Time Delay in AVR Microcontroller
In this article, we will see how to create delays for the AVR. Also, we will discuss the instruction pipeline.
Delay Calculation for AVR :
In Assembly Language instructions, to create a time delay one must consider two important factors.
- The crystal frequency –
The frequency of the crystal oscillator connected to XTAL1 and XTAL2 is one factor for calculating the time delay. The duration of the clock period for the instruction cycle is a function of this crystal frequency.
- The AVR design –
AVR microprocessors are able to execute an instruction in one cycle. There are three ways of doing this.
- Use Harvard architecture to get the maximum amount of code and data into the CPU.
- Use RISC architecture features such as fixed-size instructions.
- Use pipelining to overlap fetching and execution of instructions.

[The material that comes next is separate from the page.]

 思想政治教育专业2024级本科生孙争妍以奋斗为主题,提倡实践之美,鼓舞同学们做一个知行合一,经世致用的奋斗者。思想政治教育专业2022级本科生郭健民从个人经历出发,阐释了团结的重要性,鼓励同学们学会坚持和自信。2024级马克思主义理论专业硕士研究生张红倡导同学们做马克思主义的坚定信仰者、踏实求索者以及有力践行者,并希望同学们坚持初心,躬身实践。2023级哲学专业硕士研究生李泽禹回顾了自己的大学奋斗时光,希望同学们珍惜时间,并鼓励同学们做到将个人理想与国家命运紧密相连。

In the early microprocessors, the CPU could either fetch or execute at a given time. In other words, the CPU had to fetch an instruction from the memory, then execute it then again fetch the next instruction, execute it, and so on. Pipelining allows the CPU to fetch and execute the given instruction at the same time.

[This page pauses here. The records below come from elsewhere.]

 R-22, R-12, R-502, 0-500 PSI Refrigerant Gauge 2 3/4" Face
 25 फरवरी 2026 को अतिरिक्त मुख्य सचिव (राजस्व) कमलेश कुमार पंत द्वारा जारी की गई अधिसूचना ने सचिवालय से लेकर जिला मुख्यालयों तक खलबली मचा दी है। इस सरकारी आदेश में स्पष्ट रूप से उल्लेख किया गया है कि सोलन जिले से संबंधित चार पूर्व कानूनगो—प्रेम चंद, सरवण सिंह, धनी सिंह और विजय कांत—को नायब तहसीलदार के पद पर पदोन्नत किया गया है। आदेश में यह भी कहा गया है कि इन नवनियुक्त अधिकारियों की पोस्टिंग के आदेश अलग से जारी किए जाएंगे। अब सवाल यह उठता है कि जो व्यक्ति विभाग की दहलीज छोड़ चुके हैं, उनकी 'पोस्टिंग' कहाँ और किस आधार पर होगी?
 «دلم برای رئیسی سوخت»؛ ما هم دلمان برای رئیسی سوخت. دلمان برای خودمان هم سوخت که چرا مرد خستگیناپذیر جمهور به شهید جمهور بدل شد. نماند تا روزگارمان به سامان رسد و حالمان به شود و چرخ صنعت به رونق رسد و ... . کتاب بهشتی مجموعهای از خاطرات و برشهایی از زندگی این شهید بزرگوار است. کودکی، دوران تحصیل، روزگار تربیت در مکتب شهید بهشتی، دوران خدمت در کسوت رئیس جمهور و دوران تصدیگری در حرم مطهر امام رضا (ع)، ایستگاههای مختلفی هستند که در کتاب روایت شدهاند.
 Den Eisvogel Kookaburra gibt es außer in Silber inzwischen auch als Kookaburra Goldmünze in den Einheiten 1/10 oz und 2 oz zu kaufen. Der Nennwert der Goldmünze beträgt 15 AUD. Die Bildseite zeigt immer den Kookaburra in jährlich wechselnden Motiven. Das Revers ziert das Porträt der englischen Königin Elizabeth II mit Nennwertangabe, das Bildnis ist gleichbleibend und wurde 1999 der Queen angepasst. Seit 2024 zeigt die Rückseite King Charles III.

We can use the pipeline to speed up execution of instructions. In pipelines, the process of execution is split up into smaller steps that are all executed in parallel. In the execution of instructions, we must make sure that the sequence of instructions is kept intact and that there is no different execution.
Instruction cycle time for the AVR :
It takes a certain amount of time for the CPU to execute an instruction. This time is referred to as machine cycles. All the instructions in the AVR are either 2-byte or 4-byte and hence most of the instructions take no more than 2 machine cycles to execute (some instructions may take up 3 to 4 machine cycles to execute). In the AVR family, the duration of the machine cycle depends upon the frequency of the oscillator connected to the AVR system. In the AVR, one machine cycle consists of one oscillator period, which means that with each oscillator clock, one machine cycle passes. Therefore, to calculate the machine cycle for the AVR, we take the inverse of the crystal frequency.
For the given crystal frequencies, calculate the period of the instruction cycles.
a) 8 MHz b) 16 MHz Solution : a) instruction cycle = 1/ 8 MHz = 0.125 us (microsecond) b) instruction cycle = 1/ 16 MHz = 0.0625 us
Instruction cycles required by different instructions (considering 1 MHz as the crystal frequency) :
|Instruction||Instruction cycles||Time to execute|
|BRNE||2/1||2 us if taken, 1 us if it fails|
Find the delay in us of the code snippet below if the crystal frequency is 10 MHz.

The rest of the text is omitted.